Could you copy exactly the lines below from the one with "Plus de détails" to the one with "Trump shared a", inclusive, leaving out any pictures?

── Stored data

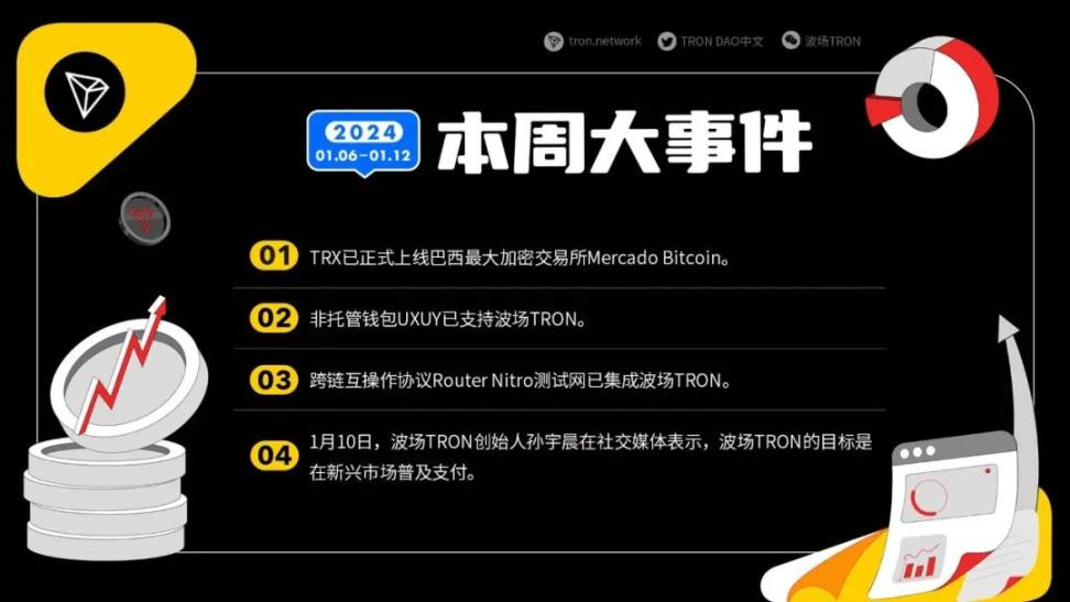 4、1 月 10 日,波场 TRON 创始人孙宇晨在社交媒体表示,波场 TRON 的目标是在新兴市场普及支付。
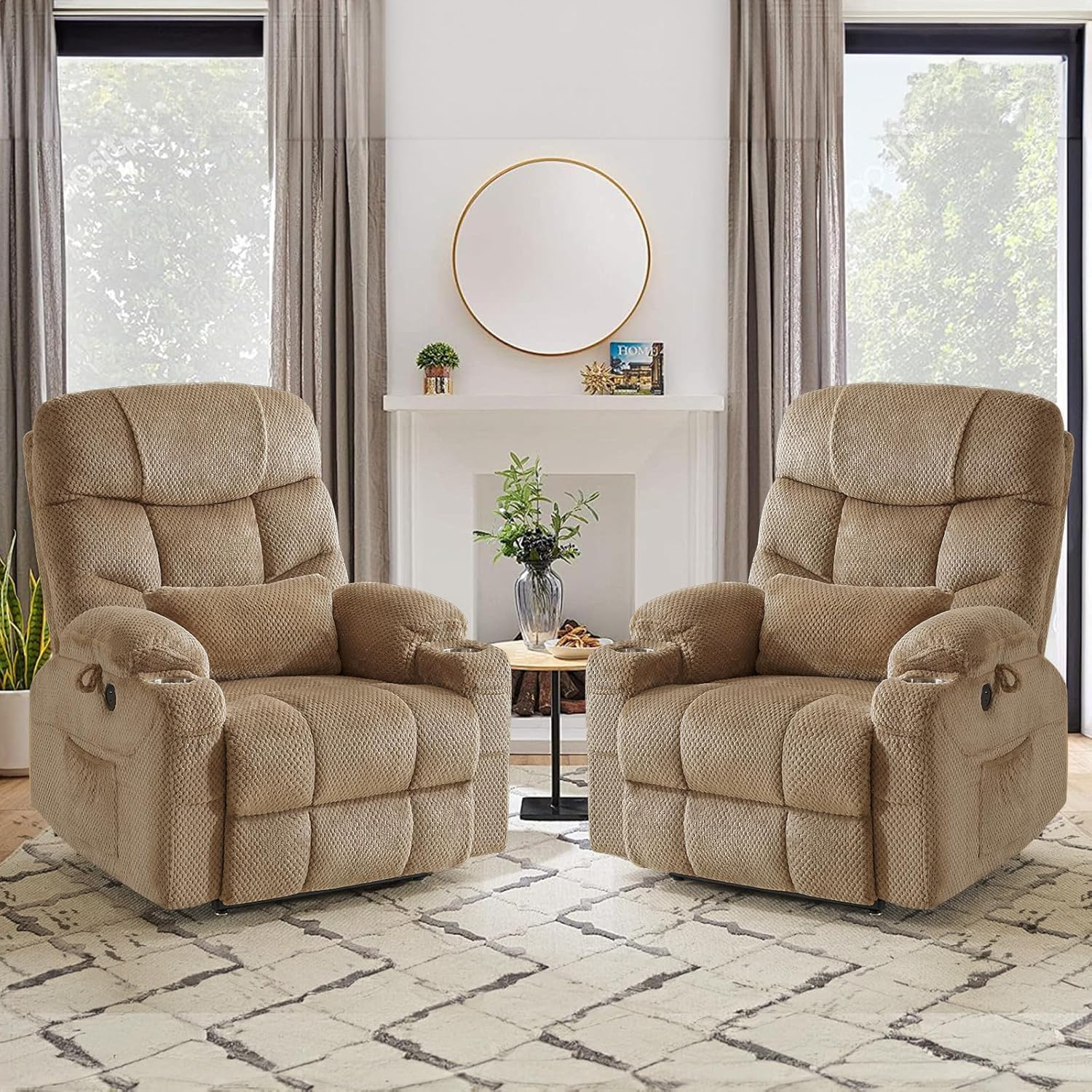 Oversized Dual Motor Lay Flat Power Lift Recliner Chair Set of 2 for Elderly with Massage and Heat, Textile Large Recliner Chair, Lift Chairs Recliner with Lumbar Pillow, Cup Holder, Beige
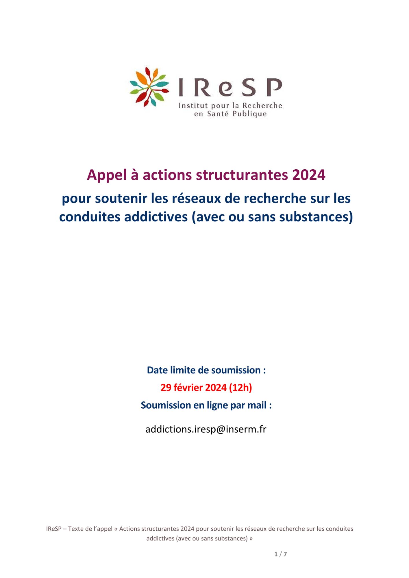 Plus de détails concernant cet appel à projets sur le site de l'IReSP et d ans le cahier des charges de l'Appel à projets 2024
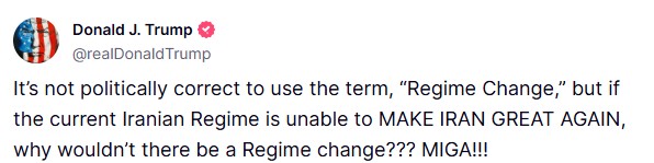 Trump shared a post on the Truth Social platform where he said, “It’s not politically correct to use the term, “regime change,” but if the current Iranian regime is unable to MAKE IRAN GREAT AGAIN, why wouldn’t there be a regime change??? MIGA!!!”
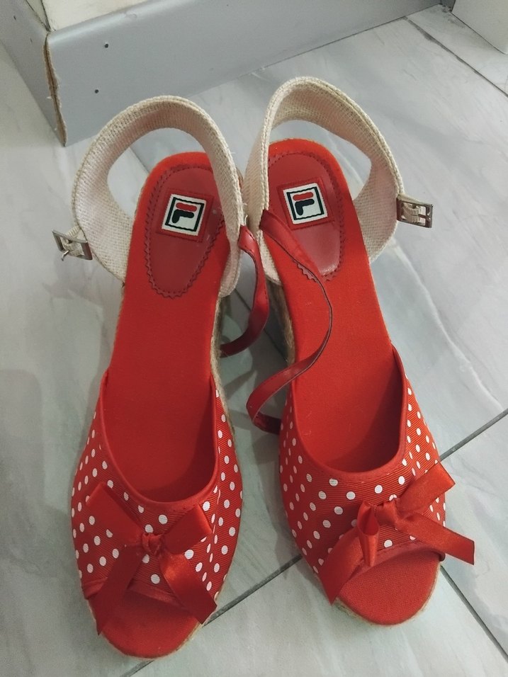 Kırmızı renkli, beyaz puantiyeli dolgu topuklu ayakkabılar. Tokalı kayış ve retro tarzıyla, lastik malzemeden üretilmiştir, günlük kullanım için uygundur.

────

Output ::
 Plus de détails concernant cet appel à projets sur le site de l'IReSP et d ans le cahier des charges de l'Appel à projets 2024
 Trump shared a post on the Truth Social platform where he said, “It’s not politically correct to use the term, “regime change,” but if the current Iranian regime is unable to MAKE IRAN GREAT AGAIN, why wouldn’t there be a regime change??? MIGA!!!”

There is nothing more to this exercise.